What is being asked:
Copy each line of the data below, character for character.

Data in this exercise:
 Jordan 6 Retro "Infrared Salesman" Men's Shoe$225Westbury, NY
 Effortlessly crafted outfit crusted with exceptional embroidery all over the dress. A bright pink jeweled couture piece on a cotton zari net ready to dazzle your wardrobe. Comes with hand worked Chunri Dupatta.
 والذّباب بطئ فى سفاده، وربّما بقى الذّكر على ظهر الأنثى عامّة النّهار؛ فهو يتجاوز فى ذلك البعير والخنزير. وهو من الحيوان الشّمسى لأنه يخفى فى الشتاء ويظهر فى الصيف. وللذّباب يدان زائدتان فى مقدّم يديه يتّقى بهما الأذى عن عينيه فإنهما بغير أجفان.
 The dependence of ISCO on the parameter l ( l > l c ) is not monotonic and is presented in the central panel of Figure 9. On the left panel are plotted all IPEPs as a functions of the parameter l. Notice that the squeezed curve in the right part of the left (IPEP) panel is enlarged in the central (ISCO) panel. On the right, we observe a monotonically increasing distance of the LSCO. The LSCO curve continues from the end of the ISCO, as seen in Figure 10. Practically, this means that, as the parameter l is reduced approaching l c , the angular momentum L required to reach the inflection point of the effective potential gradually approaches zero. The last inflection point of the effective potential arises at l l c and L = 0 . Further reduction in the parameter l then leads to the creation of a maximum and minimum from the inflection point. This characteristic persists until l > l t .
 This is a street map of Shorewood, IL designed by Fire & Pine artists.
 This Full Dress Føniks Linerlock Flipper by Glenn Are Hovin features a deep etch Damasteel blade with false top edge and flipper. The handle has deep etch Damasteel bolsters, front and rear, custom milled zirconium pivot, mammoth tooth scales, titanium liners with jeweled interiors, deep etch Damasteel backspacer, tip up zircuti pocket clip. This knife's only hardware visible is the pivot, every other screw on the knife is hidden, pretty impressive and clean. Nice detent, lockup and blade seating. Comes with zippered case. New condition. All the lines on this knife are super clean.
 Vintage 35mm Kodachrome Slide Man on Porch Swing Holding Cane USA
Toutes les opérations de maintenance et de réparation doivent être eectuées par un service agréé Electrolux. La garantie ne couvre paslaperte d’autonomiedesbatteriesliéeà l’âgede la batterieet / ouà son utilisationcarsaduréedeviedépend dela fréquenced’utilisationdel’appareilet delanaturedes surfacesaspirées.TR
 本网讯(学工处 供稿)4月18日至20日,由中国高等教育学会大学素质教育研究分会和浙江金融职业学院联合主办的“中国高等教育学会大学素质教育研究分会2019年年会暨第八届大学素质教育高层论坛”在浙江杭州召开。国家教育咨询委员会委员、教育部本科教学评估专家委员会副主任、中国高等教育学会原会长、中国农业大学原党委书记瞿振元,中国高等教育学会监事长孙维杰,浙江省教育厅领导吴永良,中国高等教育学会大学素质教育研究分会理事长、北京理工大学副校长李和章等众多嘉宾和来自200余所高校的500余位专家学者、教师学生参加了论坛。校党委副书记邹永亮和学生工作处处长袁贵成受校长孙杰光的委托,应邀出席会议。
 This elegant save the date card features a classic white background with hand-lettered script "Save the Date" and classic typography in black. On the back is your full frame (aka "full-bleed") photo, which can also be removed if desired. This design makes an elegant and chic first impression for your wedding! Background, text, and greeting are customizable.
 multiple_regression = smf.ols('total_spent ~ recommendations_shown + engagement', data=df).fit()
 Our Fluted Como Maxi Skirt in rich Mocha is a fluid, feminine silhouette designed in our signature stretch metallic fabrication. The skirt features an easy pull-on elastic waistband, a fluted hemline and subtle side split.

Output below:
 Jordan 6 Retro "Infrared Salesman" Men's Shoe$225Westbury, NY
 Effortlessly crafted outfit crusted with exceptional embroidery all over the dress. A bright pink jeweled couture piece on a cotton zari net ready to dazzle your wardrobe. Comes with hand worked Chunri Dupatta.
 والذّباب بطئ فى سفاده، وربّما بقى الذّكر على ظهر الأنثى عامّة النّهار؛ فهو يتجاوز فى ذلك البعير والخنزير. وهو من الحيوان الشّمسى لأنه يخفى فى الشتاء ويظهر فى الصيف. وللذّباب يدان زائدتان فى مقدّم يديه يتّقى بهما الأذى عن عينيه فإنهما بغير أجفان.
 The dependence of ISCO on the parameter l ( l > l c ) is not monotonic and is presented in the central panel of Figure 9. On the left panel are plotted all IPEPs as a functions of the parameter l. Notice that the squeezed curve in the right part of the left (IPEP) panel is enlarged in the central (ISCO) panel. On the right, we observe a monotonically increasing distance of the LSCO. The LSCO curve continues from the end of the ISCO, as seen in Figure 10. Practically, this means that, as the parameter l is reduced approaching l c , the angular momentum L required to reach the inflection point of the effective potential gradually approaches zero. The last inflection point of the effective potential arises at l l c and L = 0 . Further reduction in the parameter l then leads to the creation of a maximum and minimum from the inflection point. This characteristic persists until l > l t .
 This is a street map of Shorewood, IL designed by Fire & Pine artists.
 This Full Dress Føniks Linerlock Flipper by Glenn Are Hovin features a deep etch Damasteel blade with false top edge and flipper. The handle has deep etch Damasteel bolsters, front and rear, custom milled zirconium pivot, mammoth tooth scales, titanium liners with jeweled interiors, deep etch Damasteel backspacer, tip up zircuti pocket clip. This knife's only hardware visible is the pivot, every other screw on the knife is hidden, pretty impressive and clean. Nice detent, lockup and blade seating. Comes with zippered case. New condition. All the lines on this knife are super clean.
 Vintage 35mm Kodachrome Slide Man on Porch Swing Holding Cane USA
Toutes les opérations de maintenance et de réparation doivent être eectuées par un service agréé Electrolux. La garantie ne couvre paslaperte d’autonomiedesbatteriesliéeà l’âgede la batterieet / ouà son utilisationcarsaduréedeviedépend dela fréquenced’utilisationdel’appareilet delanaturedes surfacesaspirées.TR
 本网讯(学工处 供稿)4月18日至20日,由中国高等教育学会大学素质教育研究分会和浙江金融职业学院联合主办的“中国高等教育学会大学素质教育研究分会2019年年会暨第八届大学素质教育高层论坛”在浙江杭州召开。国家教育咨询委员会委员、教育部本科教学评估专家委员会副主任、中国高等教育学会原会长、中国农业大学原党委书记瞿振元,中国高等教育学会监事长孙维杰,浙江省教育厅领导吴永良,中国高等教育学会大学素质教育研究分会理事长、北京理工大学副校长李和章等众多嘉宾和来自200余所高校的500余位专家学者、教师学生参加了论坛。校党委副书记邹永亮和学生工作处处长袁贵成受校长孙杰光的委托,应邀出席会议。
 This elegant save the date card features a classic white background with hand-lettered script "Save the Date" and classic typography in black. On the back is your full frame (aka "full-bleed") photo, which can also be removed if desired. This design makes an elegant and chic first impression for your wedding! Background, text, and greeting are customizable.
 multiple_regression = smf.ols('total_spent ~ recommendations_shown + engagement', data=df).fit()
 Our Fluted Como Maxi Skirt in rich Mocha is a fluid, feminine silhouette designed in our signature stretch metallic fabrication. The skirt features an easy pull-on elastic waistband, a fluted hemline and subtle side split.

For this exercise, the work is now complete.